On March 6th, Derek Muir, from Water Science & Technology Directorate, Environment Canada, visited SKLOG. Derek first gave a talk entitled ‘Challenges in identifying persistent and bioaccumulative chemicals of global concern’ in TU406 class room; then walked through SKLOG labs. In meeting room 619, with Jin Biao, Mai Bixian and Shizhen, Gan introduced to Derek in detail GIG and SKLOG, as well as research highlights in SKLOG environmental division. The visit finished with a nice lunch in Dongjiang Fish Village.
After back, Derek sent me an email writing: ‘I very much enjoyed my visit to GIG on Wednesday. You have very impressive analytical facilities and I will be informing scientists at CCIW about this. Maybe some future collaborations will develop although most of the younger scientists face major hurdles for doing international work, unlike the situation when you visited CCIW 19 years ago.’ This refers to my first visit to him in CCIW (Canadian Centre for Inland Waters) in the year of 2000, when I was astonished by a full room of GC and GC-MS, whilst we had only several GC-MS in SKLOG at that time!
Derek is one of the pioneers in the world in POPs research. He directs an environmental chemistry group that studies sources, fate and bioaccumulation of persistent organic pollutants, chemicals of emerging concern, polycyclic aromatic compounds, mercury, and heavy metals in the freshwater, marine, and terrestrial environment. He has co-chaired the Arctic Monitoring and Assessment Program, POPs expert committee, since the mid-1990s and has co-led several AMAP and Canadian assessments of POPs in the Arctic which were published as special issues of Science of the Total Environment. He has served on several Canadian and International advisory committees including UNEP-Stockholm Convention POPs Assessment working group for Western Europe and other Governments, and the WEHO/UNEP Panel on Global Assessment of the State-of-the-Science of Endocrine Disruptors.

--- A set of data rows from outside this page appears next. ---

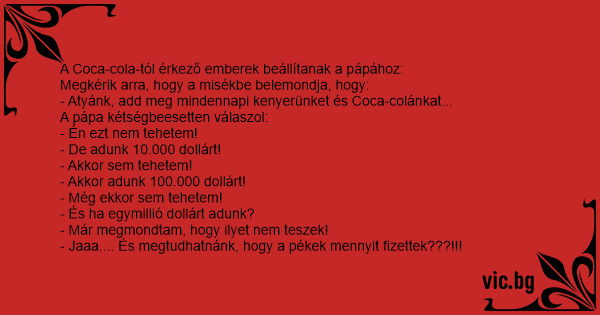 A Coca-Cola cég ügynöke bemegy a pápához, és megkérdi tőle: - Atyám, nem lehetne a Mi Atyánkban a "mindennapi kenyerünket add meg nekünk ma" szöveget mindennapi Coca-Colánkra változtatni? Ajánlunk...
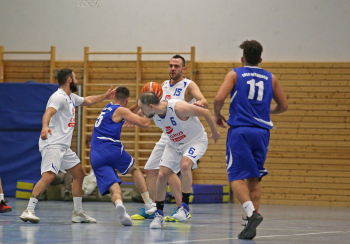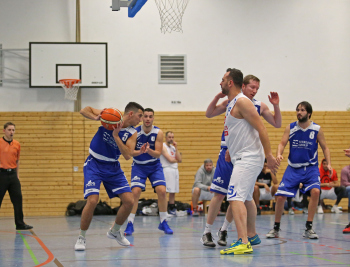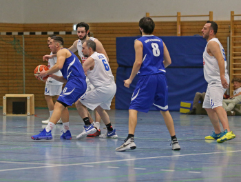 xxx 13.01.2018, Basketball Landesliga Sued 2017/2018, EOSC Offenbach - BC Neu-Isenburg; v.l. Louis Feistkorn (BC Neu Isenburg), E. Katsiakis (EOSC Basketball), I. Michalakis (BC Neu Isenburg), I. Thoniatis (BC Neu Isenburg), B. Yesilyurt (EOSC Basketball)
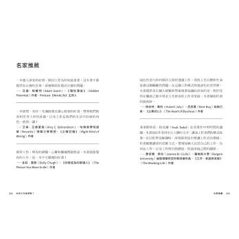 一本發人深省的好書,探討工作為何如此重要。這本書不會提供你正確的答案,卻會幫助你提出正確的問題。──亞當.格蘭特(Adam Grant),《隱性潛能》(Hidden Potential)作者、Podcast《WorkLife》主持人
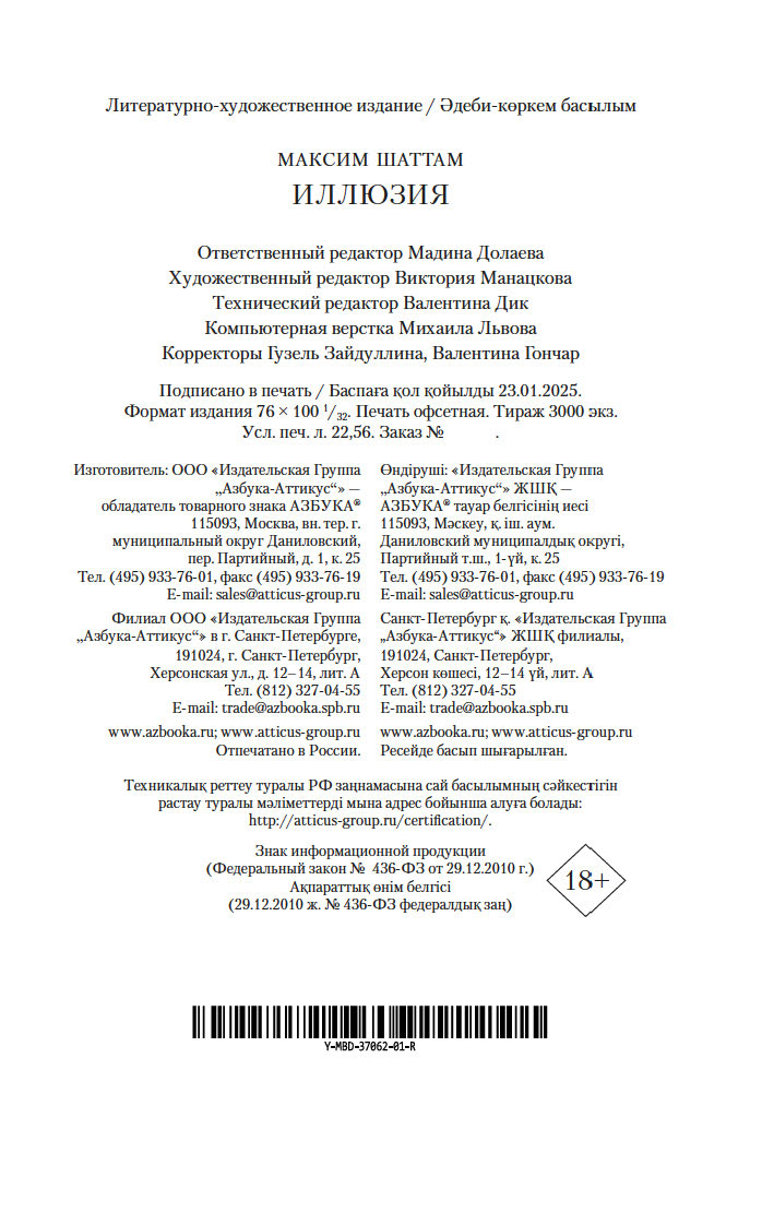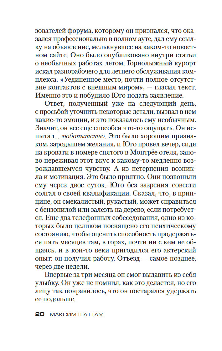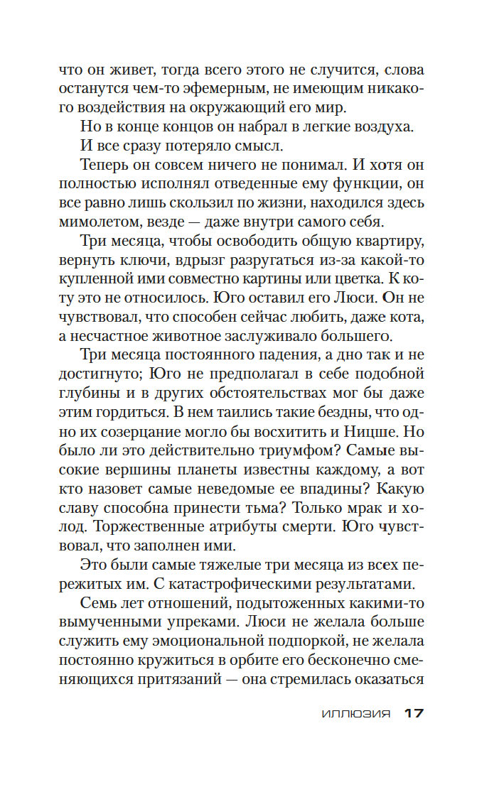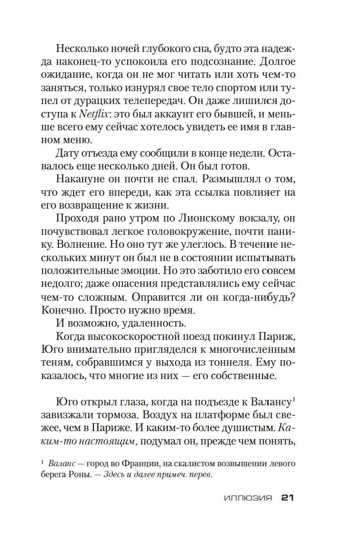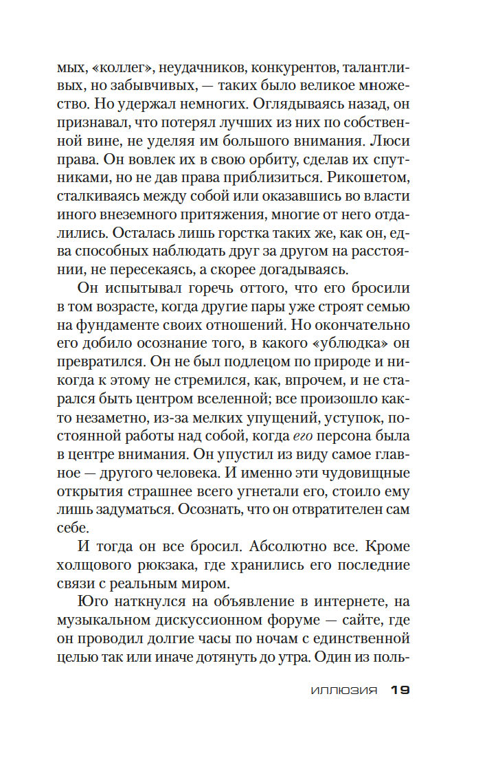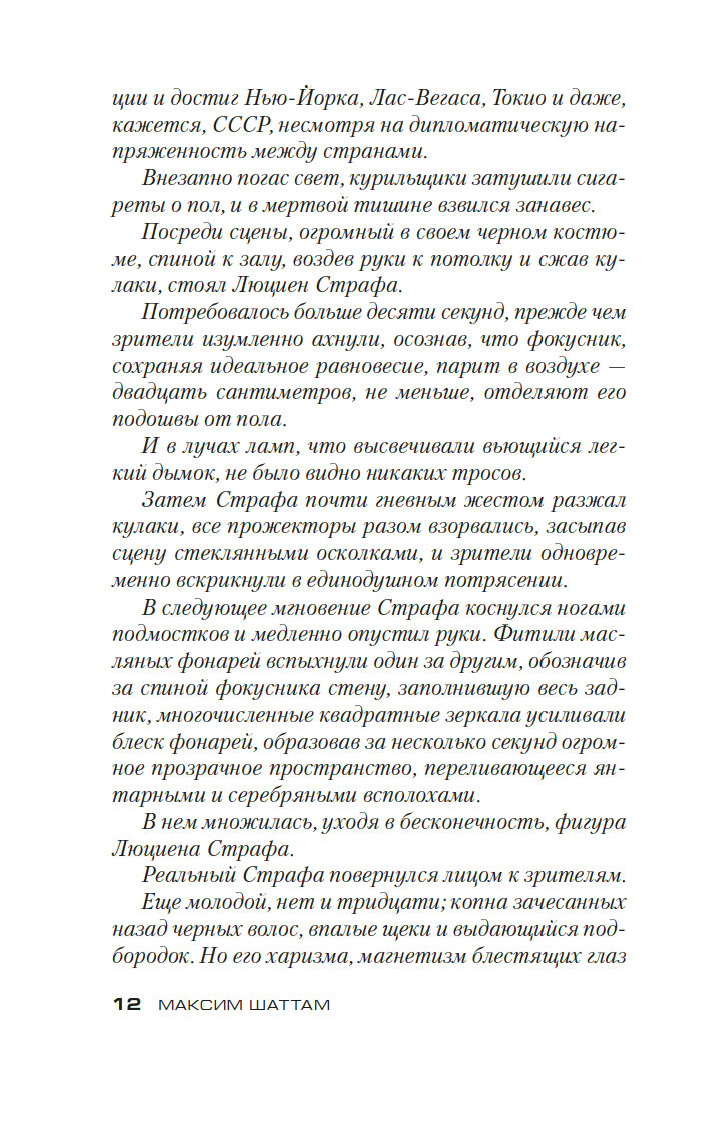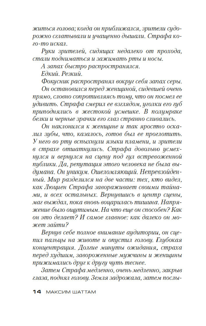 Максим Шаттам – автор детективных триллеров и нуаров, которые расходятся многомиллионными тиражами во Франции и стали бестселлерами еще в двух десятках стран. Шаттам изучал современную литературу и криминологию, поначалу вдохновлялся Стивеном Кингом и Томасом Харрисом, а в итоге стал во французской детективной литературе фигурой, ни в чем не уступающей Жан-Кристофу Гранже и Франку Тилье. Его новый триллер "Иллюзия" постепенно и неотвратимо заводит читателя все дальше в беспросветный лабиринт, где за каждым углом таятся чудовища и все новые ловушки, а выхода к свету, возможно, и вовсе нет.
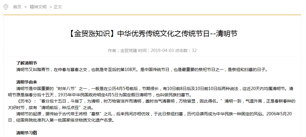 二是在学院党总支网站发布“金贸涨知识-中华优秀传统文化之传统节日”网络系列专题,本期主题为“清明节”,对清明节的背景、由来、习俗和古诗鉴赏等方面进行中华传统文化的宣传。
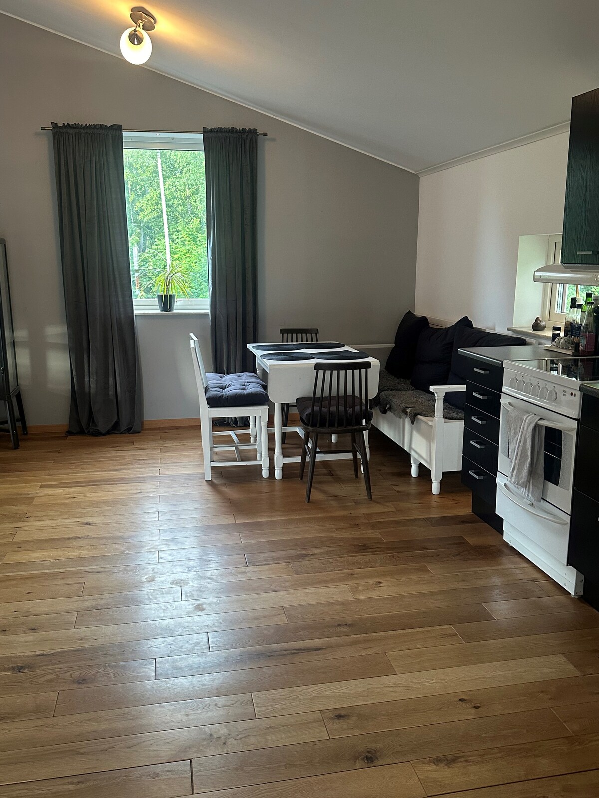 Okouzlující chata na okraji Norrköpingu. Pěší vzdálenost od jezera a lesa. 4 minuty od dálnice E4. 7 minut do Yxbackenu. 25 minut do zoo Kolmården. Nachází se v rezidenční čtvrti Jursla. Tady se probouzíš za cvrlikání ptáků a za šumění větru ve třešňové větvi. Je součástí objektu s hlavní budovou, ale má vlastní vchod a část zahrady. Jedna ložnice, jeden obývací pokoj s rozkládací pohovkou a jídelním koutem, plus kuchyň a koupelna. 500 metrů od místa vhodného pro koupání dětí, lesa a běžeckých drah. Autobus do 10 minut chůze.
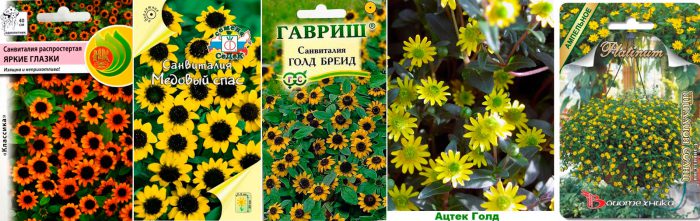 powyżej wspomniano już, że tylko 1 gatunek jest uprawiany przez ogrodników-sanvitalia rozpostarta. Uzyskano jednak dość dużą liczbę odmian i mieszańców takiej rośliny. Na przykład:

Muir was awarded the SETAC Founder’s Award in 2000 for work on persistent organic pollutants. He is a SETAC Fellow and a Fellow of the Royal Society of Canada ( 加拿大皇家学会院士）and the Chemical Institute of Canada. He was listed in Thomson-Reuters Highly cited.com “World’s Most Influential scientific minds, 2014” ranked among the top 1% most cited in the field of Environmental Science/Ecology.